HHS acknowledged receiving our request on December 13, 2011, and was required by law to respond no later than January 26, 2012. However, as of the date of Judicial Watch’s lawsuit, HHS has failed to respond in accordance with FOIA law.

The fact that the National Council of La Raza openly advocates for illegal alien sanctuary policies, such as drivers’ licenses and discounted tuition for illegal aliens, is no secret. But what many people do not realize is that the organization has also been linked to the Mexican reconquista movement, which seeks to conquer the American Southwest and return it to Mexico.

Now, you won’t read about these ties on the NCLR website. The organization works very hard to distance itself from radical “Chicano” organizations so it can maintain powerful friends in both political parties.

But a few years ago, Judicial Watch investigated a radical Mexican separatist school in Los Angeles, California, called Academia Semillas Del Pueblo. (You can read our report here.) And who did we find pumping good money after bad into this failing school? The National Council of La Raza, and another radical organization called M.E.Ch.A., or Movimiento Estudiantil Chicano de Aztlán or Chicano Student Movement of Aztlán. (Taxpayers also paid the tab to the tune of $1.6 million per year.)
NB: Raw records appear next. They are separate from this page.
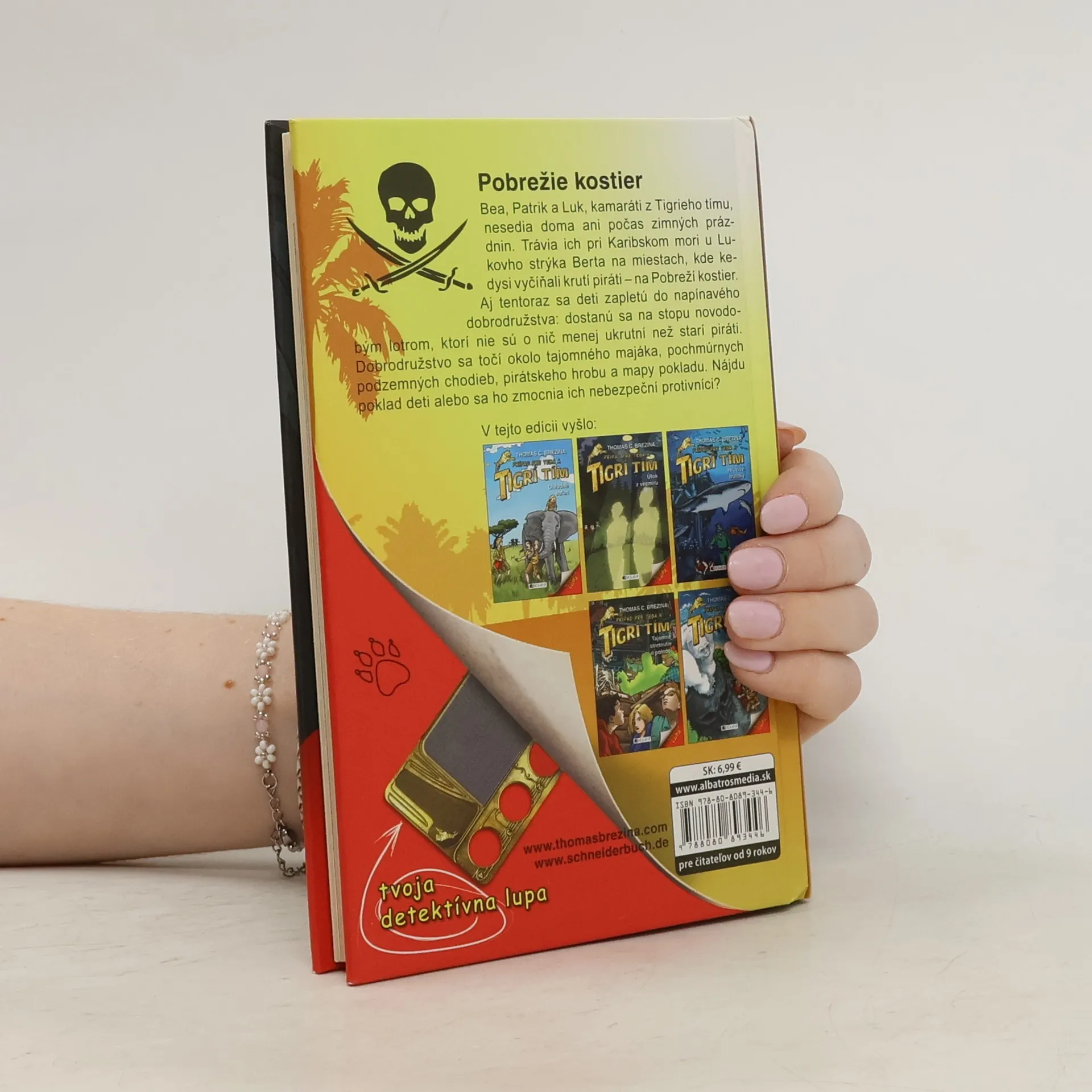 Pridajte sa k detektívom z Tigrieho tímu! Nech vašej pozornosti neujde nič podozrivé! Bea, Patrik a Luk sa na Pobreží kostier dostanú na stopu novodobým lotrom, ktorí nie sú o nič menej krutí než starí piráti. Dobrodružstvo sa točí okolo tajomného majáka, pochmúrnych podzemných chodieb, pirátskeho hrobu a mapy pokladu. Nájdu poklad naši pátrači alebo sa ho zmocnia ich nebezpeční protivníci?
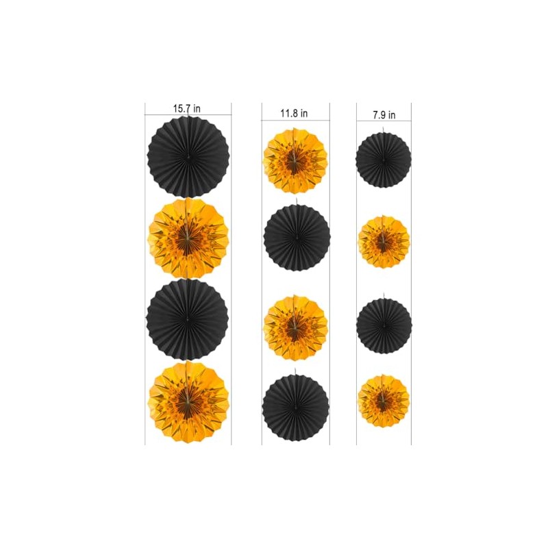 - Gold and Black Party Decorations Paper Fans 12pc craft paper fans on both sides of paper, 3 different sizes measuring 15.7'' /11.8'' / 7.9'' in diameter
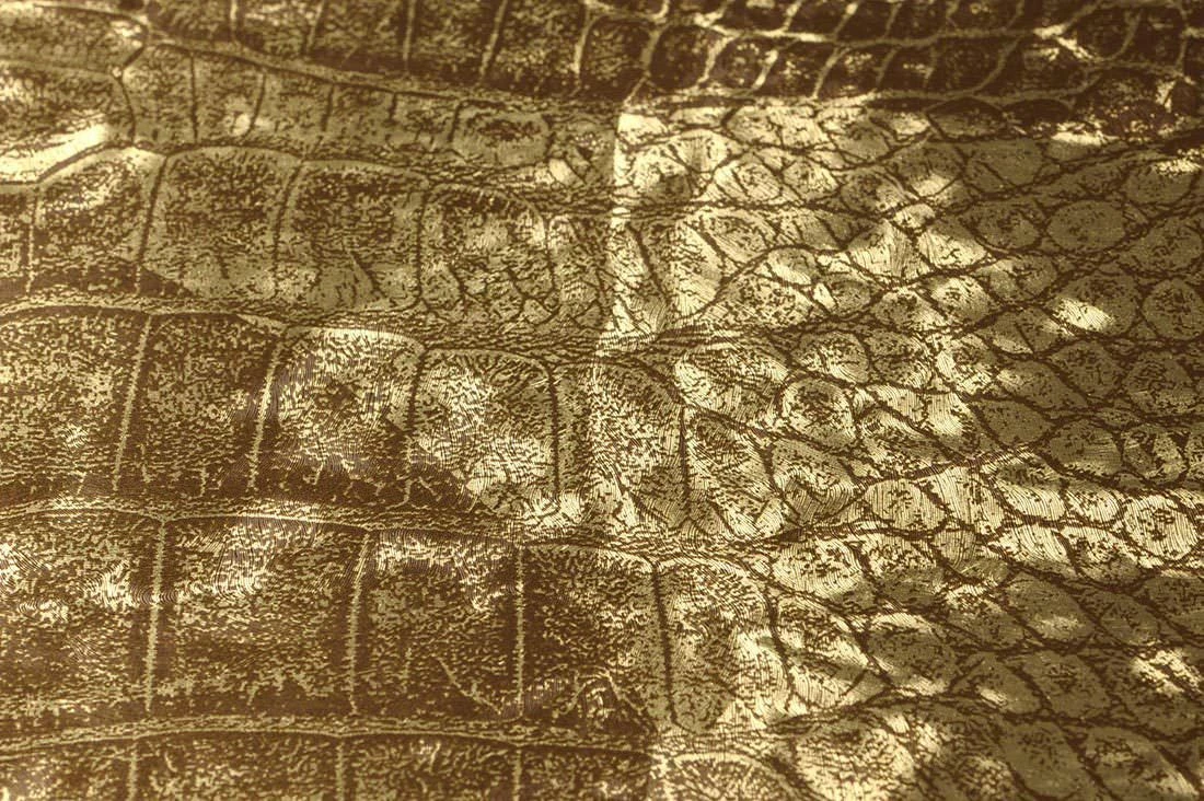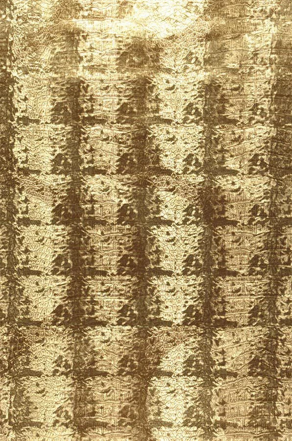 Exklusive Lederoptik für die Wände – luxuriös golden schimmernd und in welligen Formen arrangiert. Die handbedruckte Vliestapete von Flavor Paper spielt mit dem Look von echtem Krokodilleder und kreiert eine vornehm-elegante und dabei unaufdringliche Ästhetik für Flur oder Lobby, Schlaf- oder Wohnräume. Sie erhalten die Tapete ab einer Mindestabnahmemenge von drei Rollen.
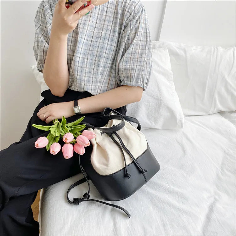 Canvas Bucket Shoulder Bag Tote Handbag Patchwork Crossbody Bags
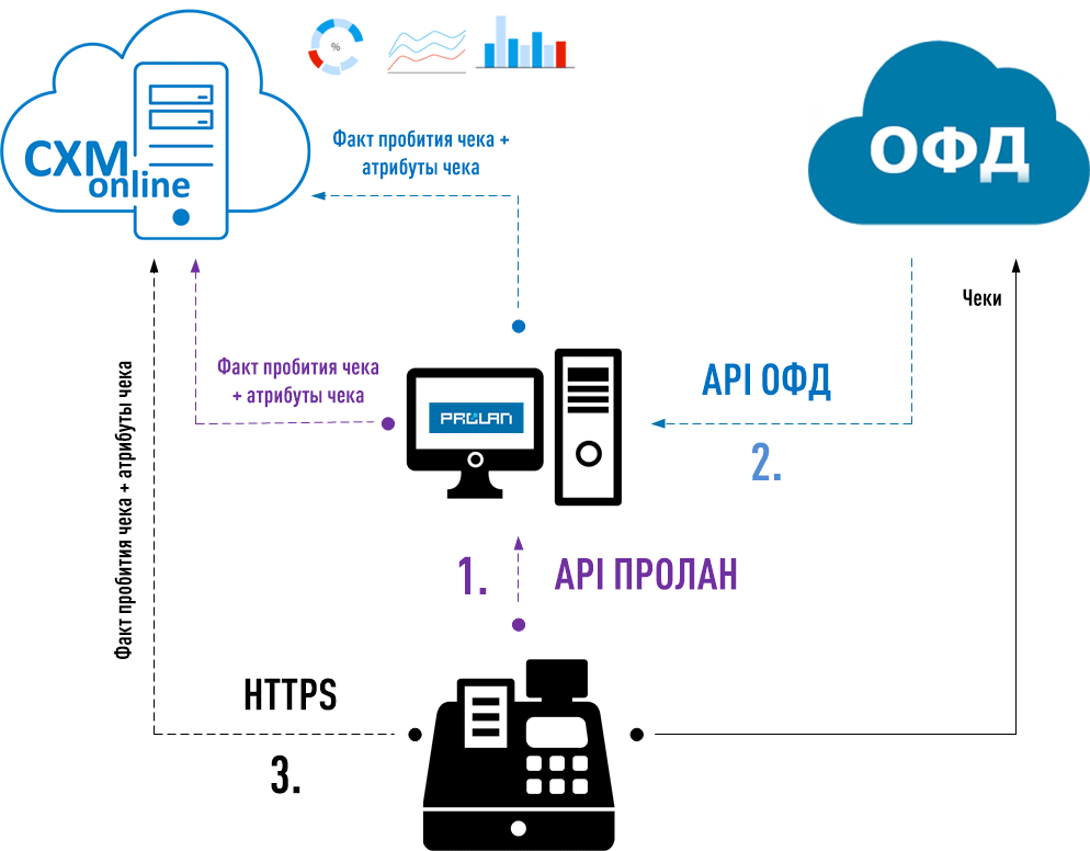 Поддерживаются три способа интеграции с кассовой системой:
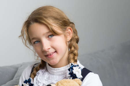 Closeup portrait of preteen beautiful blond hair girl in light room with blurred background. Female kid schoolgirl looking at the camera and smiling indoors
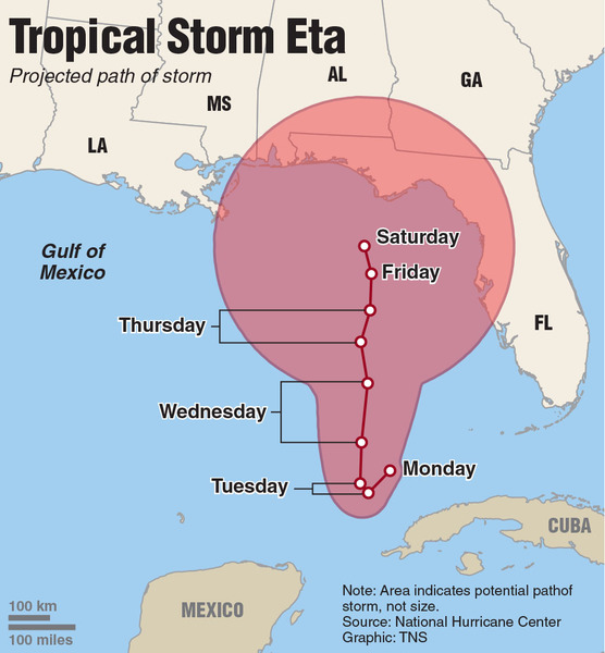 Eta is expected to strengthen again in the warm waters of the Gulf of Mexico with maximum sustained winds of 70 miles per hour, remaining just shy of hurricane.
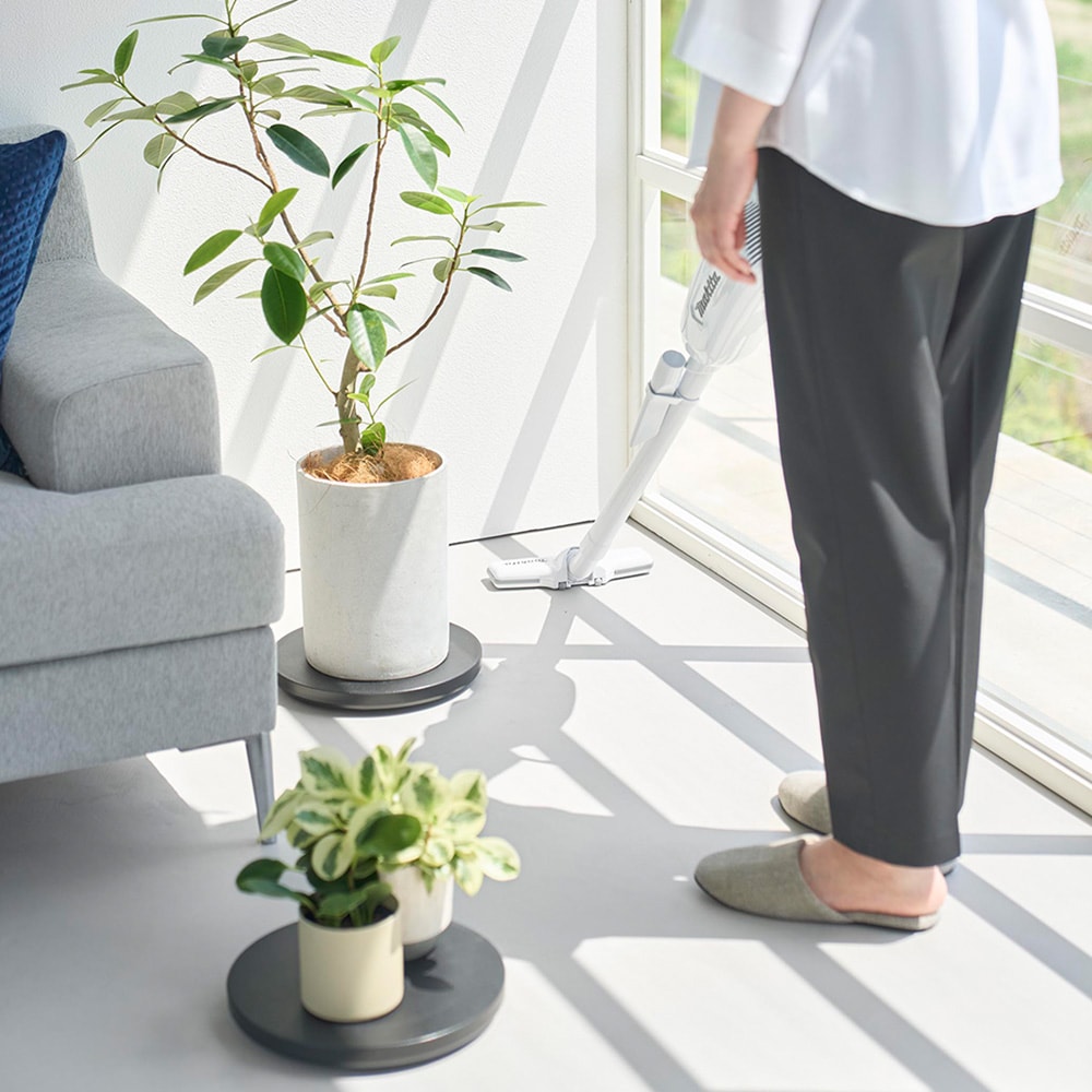 ●薄型キャスターが360度回転するので、重い鉢植えの観葉植物や家電もラクに移動でき、掃除や模様替えもスムーズに行えます。

Unlike the NCLR, which attempts to hide its extremist agenda behind a false public façade, M.E.Ch.A. is brazen and unapologetic about its reconquista agenda. According to the organization’s statement of principles: “We are Chicanas and Chicanos of Aztlan reclaiming the land of our birth (Chicana/Chicano Nation). Aztlan belongs to indigenous people, who are sovereign and not subject to a foreign culture… We are a union of free pueblos forming a bronze (Chicana/Chicano) Nation.”

La Raza is well represented in the White House. Cecilia Muñoz previously served as Senior Vice President for the Office of Research, Advocacy and Legislation at the National Council of La Raza. So she was, in effect, a lobbyist for illegal aliens and their Mexican separatist friends. Because her appointment would have violated Barack Obama’s lobbyist ban, the president granted Muñoz an “ethics waiver” so she could join his administration as Director of Intergovernmental Affairs. (Muñoz now serves as the Director of the White House Domestic Policy Council.)

According to a Judicial Watch investigation, federal funding for the National Council of La Raza nearly tripled from $4.1 million to $11 million in FY 2010, the year Muñoz joined the Obama administration.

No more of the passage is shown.